■ ABOUT THIS EXERCISE
All of the listing should be output exactly, apart from the pictures.

■ DATASET EXCERPT
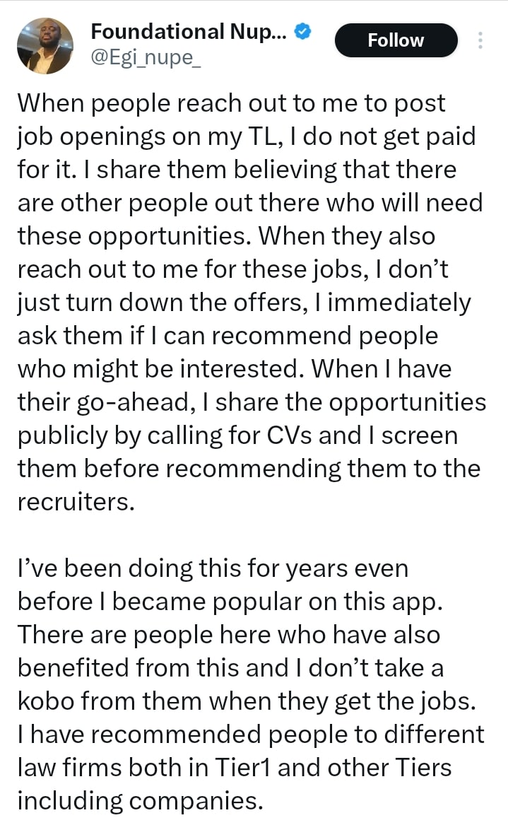 “I recommended someone for a job and on the day of the interview, they asked her how she got to know about the job and she said: through one noisy guy on Twitter.
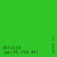 Цвет #31C628 в цветовой модели RGB обозначается тремя октетами (49, 198, 40) в десятичном формате и #31C628 в шестнадцатиричном (hex) формате, которые являются интенсивностью красного 49 (hex 31), интенсивность зелёного 198 (hex C6) и интенсивность синего 40 (hex 28).
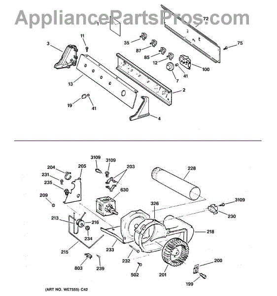 The Blower Wheel is an OEM replacement part for GE dryers. It has a role in the air circulation within the dryer, aiding in the even and efficient drying of clothes. The blower wheel, connected to the motor, helps in expelling the moist air out of the dryer through the exhaust vent during the drying cycle. Causes of a malfunctioning blower wheel are typically wear and tear from regular use, the accumulation of lint or debris, or damage to the wheel’s fins or central hub, which can impact its rotation and air circulation capability. Symptoms of a bad Blower Wheel include:

■ RESPONSE TO THIS TASK
 “I recommended someone for a job and on the day of the interview, they asked her how she got to know about the job and she said: through one noisy guy on Twitter.
 Цвет #31C628 в цветовой модели RGB обозначается тремя октетами (49, 198, 40) в десятичном формате и #31C628 в шестнадцатиричном (hex) формате, которые являются интенсивностью красного 49 (hex 31), интенсивность зелёного 198 (hex C6) и интенсивность синего 40 (hex 28).
 The Blower Wheel is an OEM replacement part for GE dryers. It has a role in the air circulation within the dryer, aiding in the even and efficient drying of clothes. The blower wheel, connected to the motor, helps in expelling the moist air out of the dryer through the exhaust vent during the drying cycle. Causes of a malfunctioning blower wheel are typically wear and tear from regular use, the accumulation of lint or debris, or damage to the wheel’s fins or central hub, which can impact its rotation and air circulation capability. Symptoms of a bad Blower Wheel include:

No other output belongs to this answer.